Spaghetti sticks stir up debate at Langara College café

Lollipop Moment Café claims raw pasta greener, cleaner option than wood


Reported by Violetta Kryak

The Lollipop Moment Café at Langara College is using raw spaghetti as coffee stir sticks in an attempt to reduce waste and promote an environmentally-friendly lifestyle.

This is the first instance of spaghetti used as stir sticks at Langara, though UBC campus has used them for several years. The manager of Lollipop Moment Café, Tahai Zhog, said he uses spaghetti because it is easily compostable. He also wants to ensure cleanliness, since he doesn’t know how wood gets treated before becoming stir sticks.  Plus, the change has been popular.
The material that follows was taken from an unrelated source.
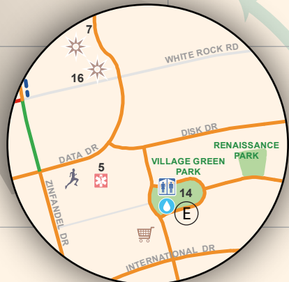
ANTICIPATED TRAIL SYSTEM

“Everybody loves it. That’s why we keep using spaghetti, although the cost is higher than using the wood,” Zhog said.

Experts say two types of stir sticks hard to compare

The question of which type of stir stick would be better for the environment is a tough one, as experts would have to compare the impact of cutting down trees to the impact of growing the grain, and possibly using chemicals and pesticides.

“I’m not familiar with any studies off the top of my head that say one is better than the other,” said environmental studies coordinator Katrina Erdos. “And those kinds of evaluations are hard to make. Spaghetti should be sustainable, and so should be the wooden stir sticks.”

A potential issue for students is the fact that the spaghetti used by Lollipop Moment is not vegan, GMO-free or celiac-friendly. Zhog, however, is not worried.

“If the person’s intolerance is that severe, they are facing risks all around, not just in our spaghetti,” Zhog said. “I started using spaghetti last term, so far nobody said ‘That gluten is going to kill me.”

Some students find the change charming.

“I think it is so funny! It is the strangest thing I’ve ever seen! It’s good, it’s something different,” said business management student Laura Duong.